#### Question

A block of mass m moves on a horizontal circle against the wall of a cylindrical room of radius R. The floor of the room on which the block moves is smooth but the friction coefficient between the wall and the block is μ. The block is given an initial speed v_{0}. As a function of the speed v write (a) the normal force by the wall on the block, (b) the frictional force by wall and (c) the tangential acceleration of the block. (d) Integrate the tangential acceleration \[\left( \frac{dv}{dt} = v\frac{dv}{ds} \right)\] to obtain the speed of the block after one revolution.

#### Solution

Given:

Radius of the room = R

Mass of the block = m

(a) Normal reaction by the wall on the block = N = \[\frac{m v^2}{R}\]

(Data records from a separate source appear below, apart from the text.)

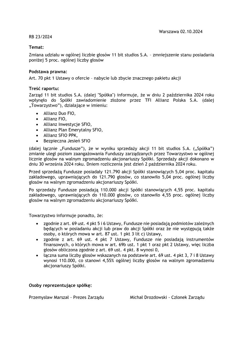 TFI Allianz Polska S.A. has reduced its investment stake in the Polish game developer 11 bit studios S.A., crossing below the significant threshold of 5 percent of total voting rights. This regulatory disclosure, issued in October 2024, details a divestment executed on September 30, 2024, and settled on October 2, 2024. The transaction involved several funds managed by the institution, including Allianz Duo FIO, Allianz FIO, and various specialized investment and pension funds.
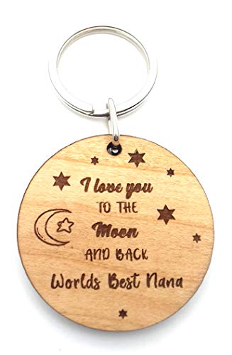 Worlds Best Nana I Love You to The Moon and Back Wooden Keyring Gifts for Birthday Christmas Mothers Day Novelty Keepsake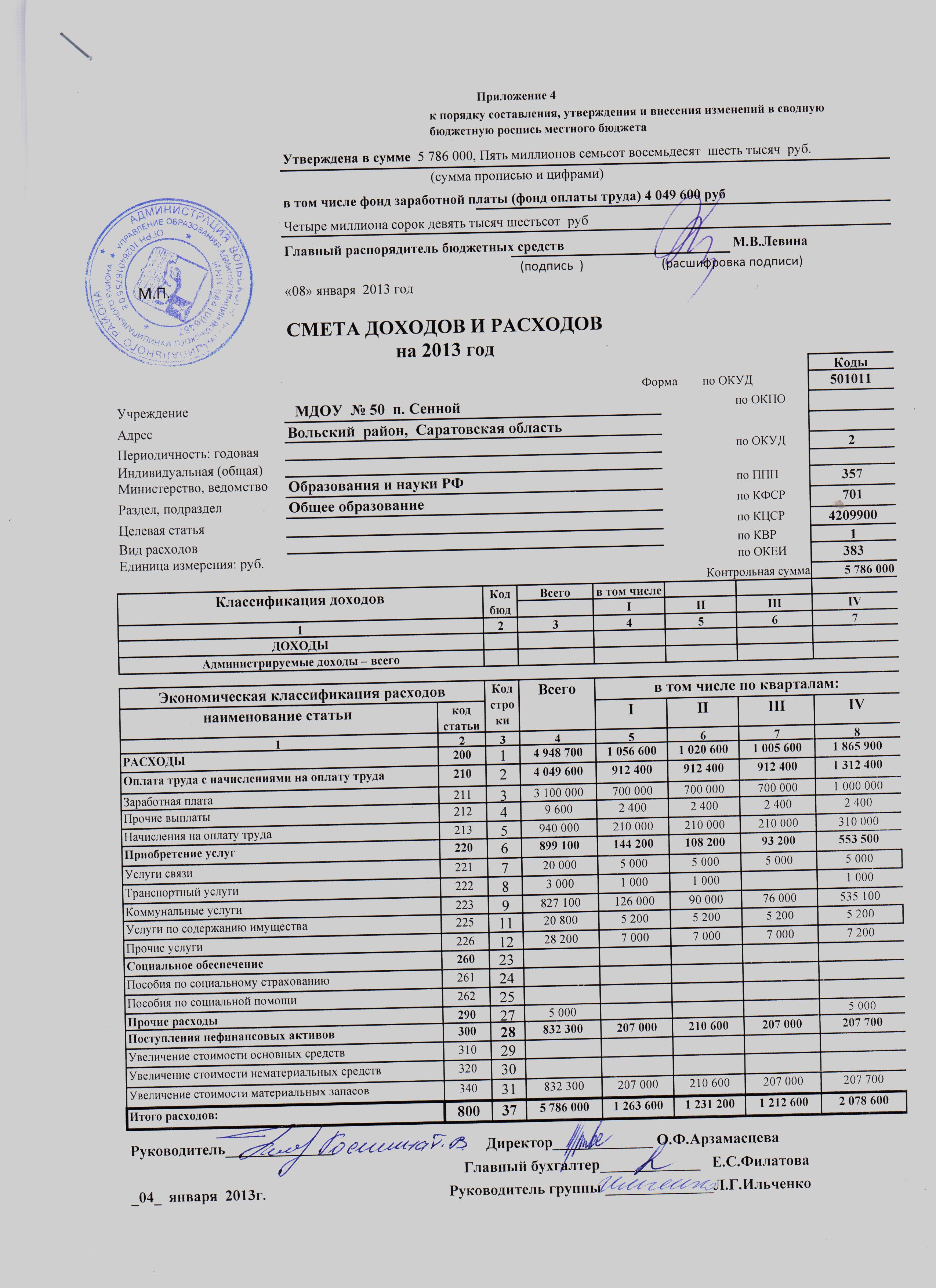 Форма кассового плана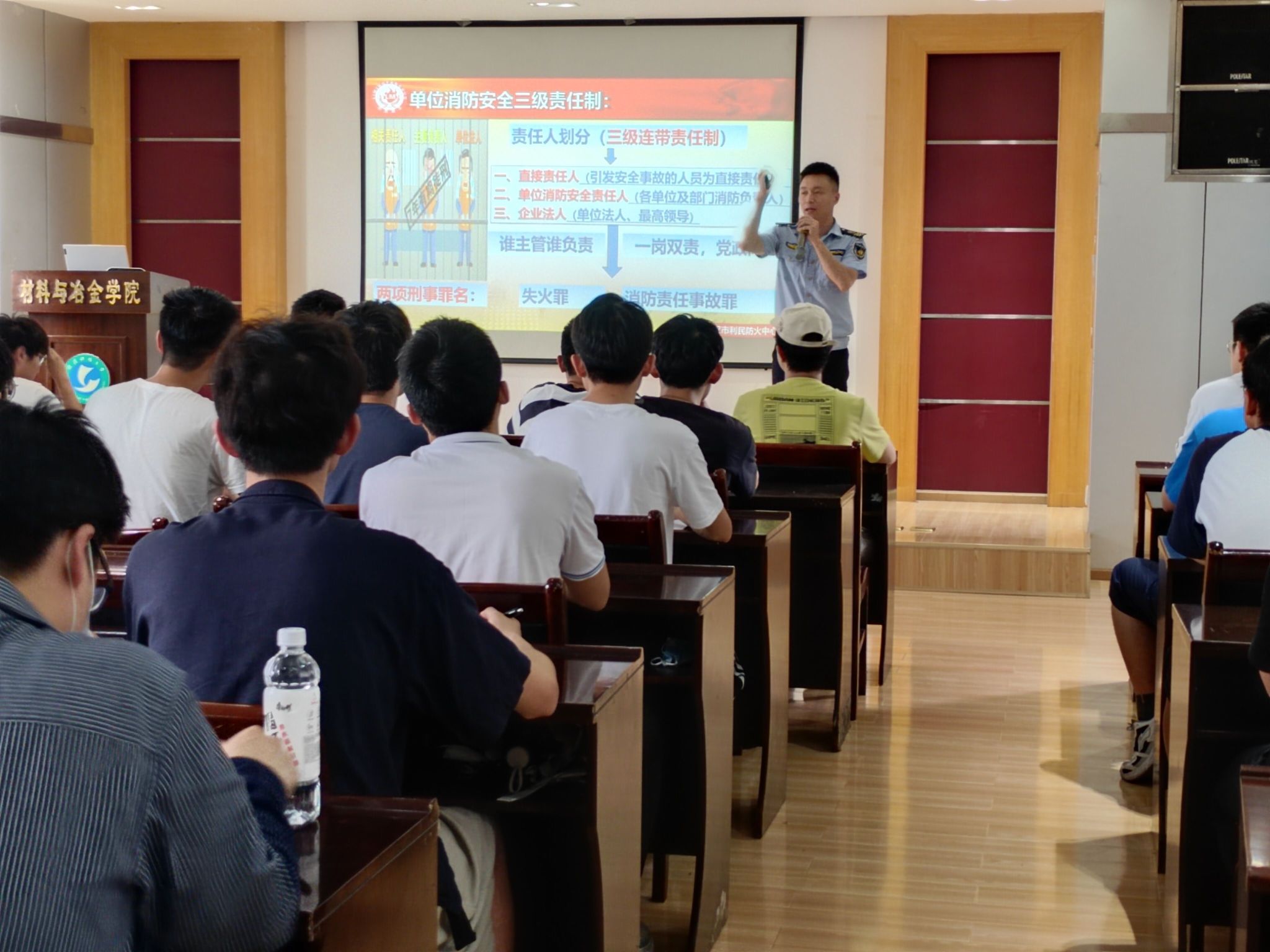 武科大网讯(通讯员 程凯源)2023年5月30日下午,材料学部、耐火材料与冶金国家重点实验室在青山校区教6楼6560报告厅举办消防安全讲座和消防实操演练。本次活动作为2023年度消防安全月系列活动之一,特别邀请武汉利民消防为师生讲解火灾安全防范、消防急救知识,培养师生良好的安全行为习惯。学部党委书记潘丽莎,主任顾华志,副主任王周福、蒋静参加本次活动。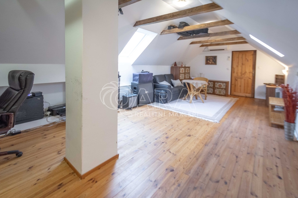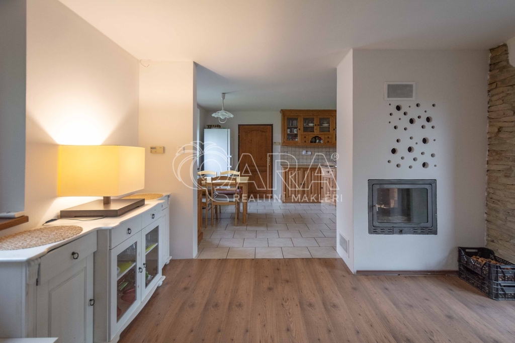 Nabízím k prodeji rodinný dům 5+kk s garáží a zahradou, na klidném místě v centru obce Hostín. Bydlete v obci, která byla v roce 2017 vyhlášena Vesnicí roku, kdy získala Zelenou stuhu za péči o zeleň a životní prostředí. Dispozice domu na konci slepé ulice, který v roce 2012 prošel zdařilou rekonstrukcí. V přízemí, kde zůstane většina vybavení: vstupní chodba se šatnou, obývací pokoj spojený s kuchyní a vstupem do zadní zahrady se vzrostlými stromy, technická místnost, ložnice, koupelna s vanou a samostatné WC. V horním patře tři místnosti, tedy dva pokoje a pracovna se skladem, kde se dá udělat další obytná místnost. Venku sklad a garáž. • Celková velikost pozemku 919 m2. • Zastavěná plocha 199 m2. • Přední a zadní zahrada o celkové velikosti 720 m2. • Na zahradě ovocné stromy a květiny. • Vytápění tepelným čerpadlem Daikin (vzduch /vzduch), v přízemí podlahové topení a krb v obývacím pokoji. • Napojeno na elektřinu, obecní vodovod a septik. • V obci oblíbená hospůdka, volnočasový areál s rybníkem, dětské a tenisové hřiště, lesy plné hub. Vhodné k trvalému bydlení či rekreaci. Na nemovitosti nevázne žádné zástavní právo, ani jiná překážka rychlého prodeje. Možnost financování hypotečním úvěrem, se kterým Vám rádi pomůžeme. Více informací na níže uvedeném kontaktu.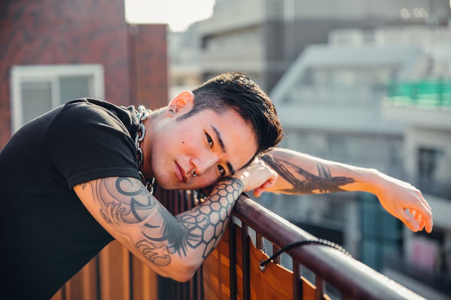 French-born porn star Axel Abysse typically blends in when in Japan. He keeps his undercut shaved and his beard trimmed. He wears sports tank tops and shorts to fight the summer heat. Only his large cartilage piercings hint at a more alternative lifestyle.
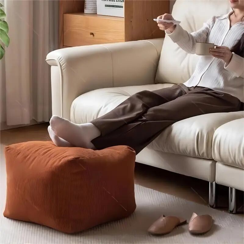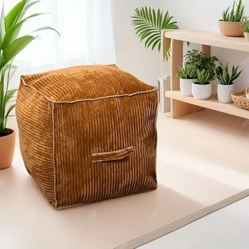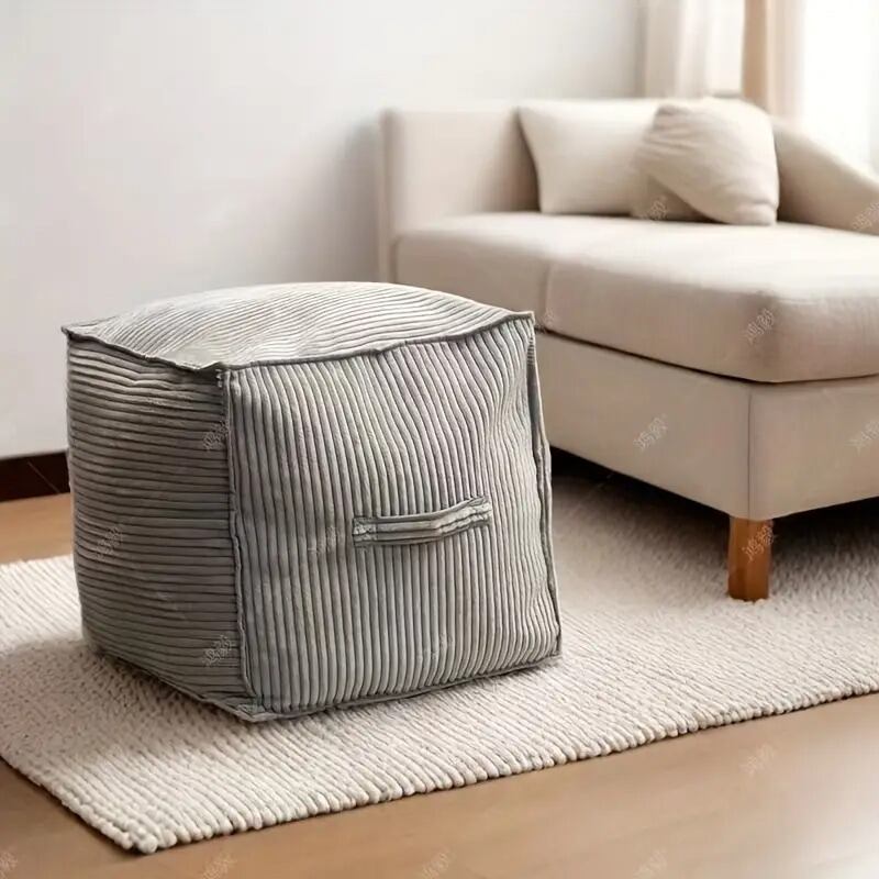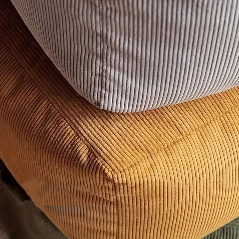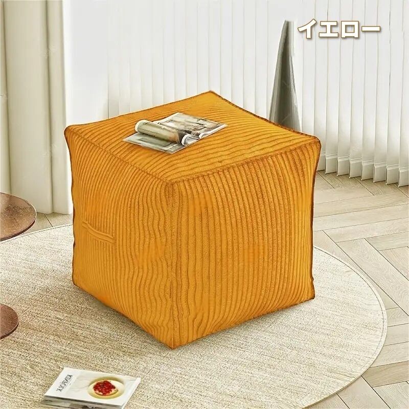 このスツールは、コーデュロイ調の質感が魅力的な正方形デザインで、どんなインテリアにも自然に溶け込みます。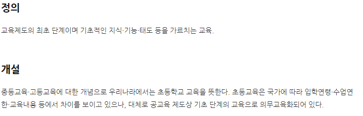 기초적인 지식, 기능 그리고 태도를 가르치는 교육이라고 함 (네이버 지식백과에서 가져왔지만 다른데서도 비슷)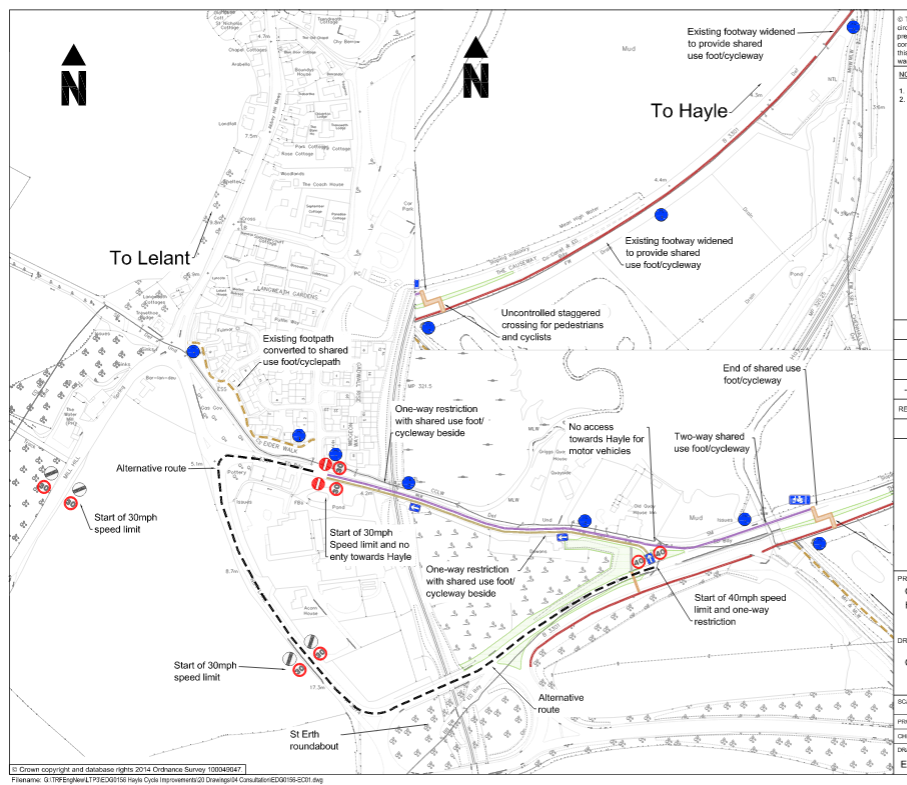 Cornwall Council is proposing to provide improved cycle and pedestrian access along Hayle Causeway to Lelant with shared use facilities and Traffic Regulation Orders.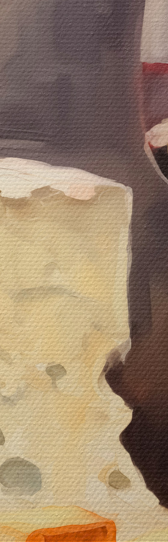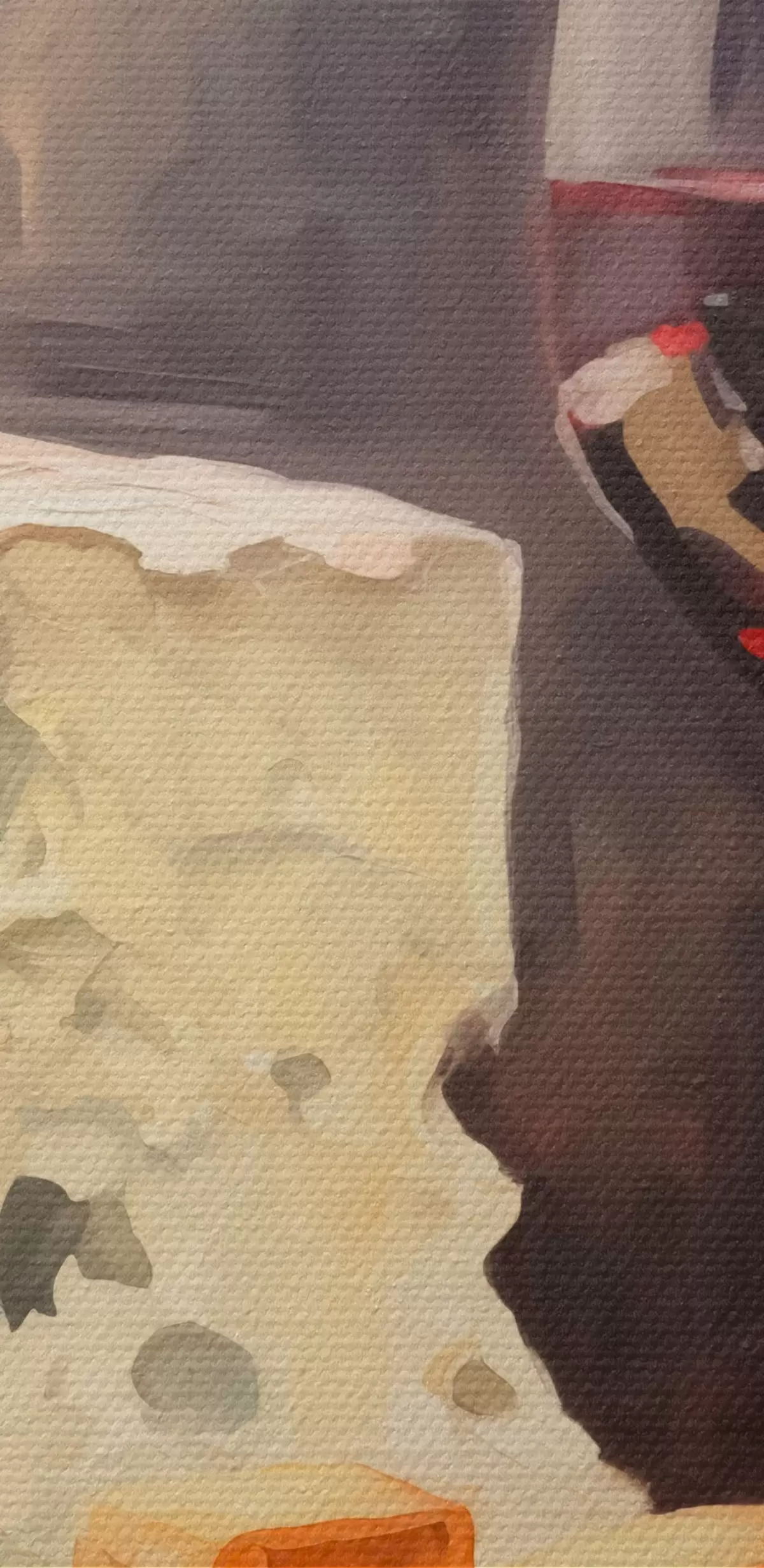 Vászonkép Egy pohár vörösbor és sajtok imitációs festménye Nr s42415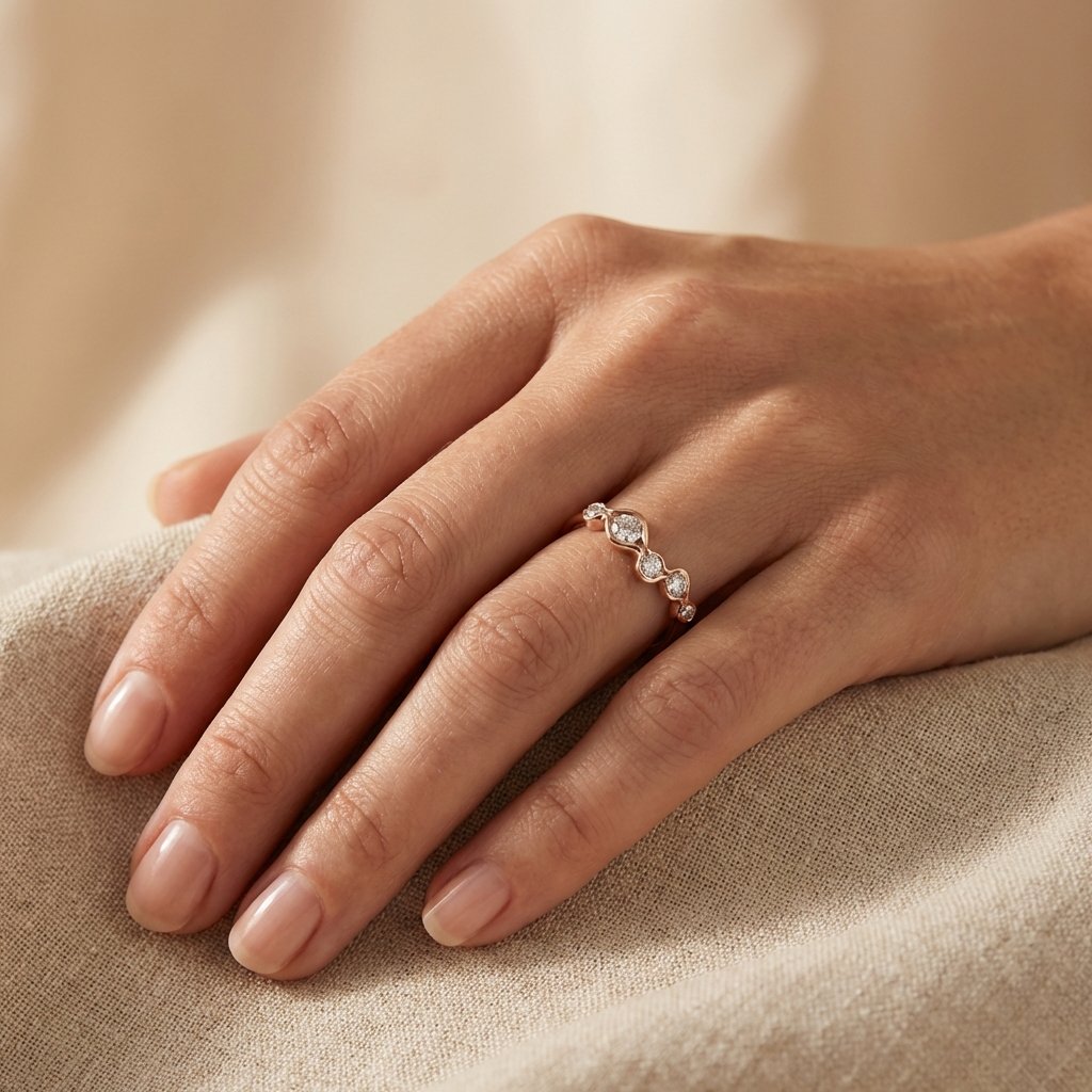 - Dokonalá kombinace 14karátového růžového zlata a 5 laboratorně vyráběných diamantů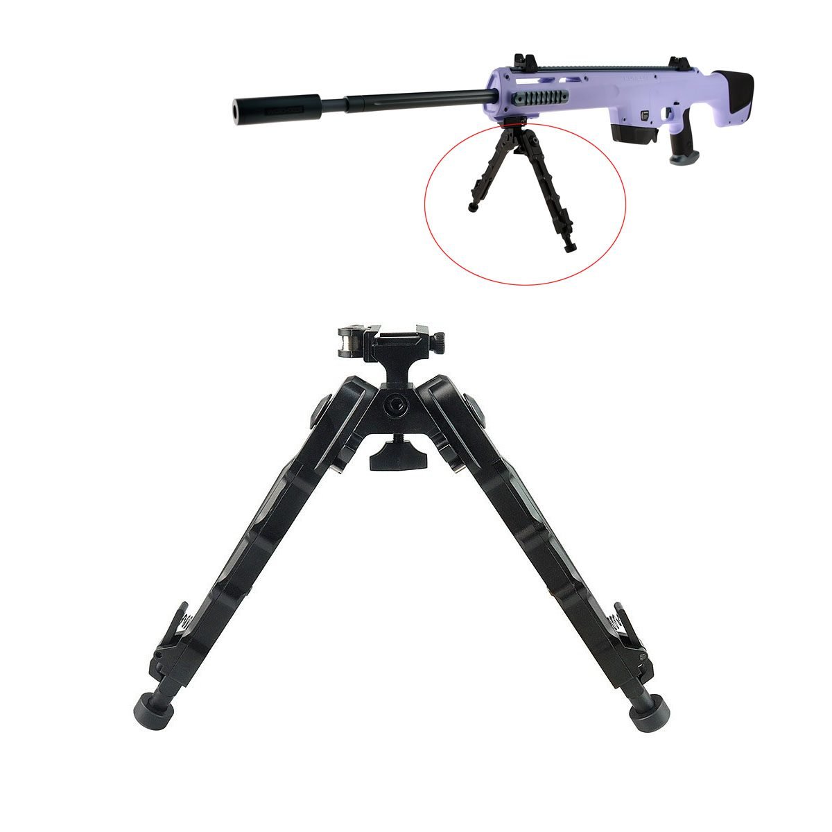 A solid, durable bipod built for stability and accuracy. This bipod provides a firm front-end rest for long-range setups, zeroing optics, or steady bench shooting. The legs deploy quickly and lock firmly into place, giving your Kunlun a stable shooting platform.

(b) Force of frictional by the wall = \[\mu N = \frac{\mu m v^2}{R}\]

(c) Let a_{t} be the tangential acceleration of the block.

From figure, we get :

\[- \frac{\mu m v^2}{R} = m a_t \]

\[ \Rightarrow a_t = - \frac{\mu v^2}{R}\]

(d) \[\text { On using a }= \frac{dv}{dt} = v\frac{dv}{ds}, \text { we get : } \]

\[v\frac{dv}{ds} = \frac{\mu v^2}{R}\]

\[ \Rightarrow ds = - \frac{R}{\mu}\frac{dv}{v}\]

\[\text { Integrating both side, we get : } \]

\[s = - \frac{R}{\mu}\text{In v + c }\]

\[\text{ At, s = 0, v = v}_0 \]

\[\text{ So, c} = \frac{R}{\mu}\text{ In v}_0 \]

\[ \Rightarrow s = - \frac{R}{\mu}\text{ In}\frac{v}{v_0}\]

\[ \Rightarrow \frac{v}{\text{v}_0} = e^{- \frac{\mu \text{s}}{R}} \]

\[ \Rightarrow \text{v = v}_0 e^{- \frac{\mu s}{R}} \]

\[\text { For one rotation }, \text { we have : }\]

\[s = 2\pi r\]

\[ \therefore \text{v = v}_0 e^{- 2\pi\mu} \]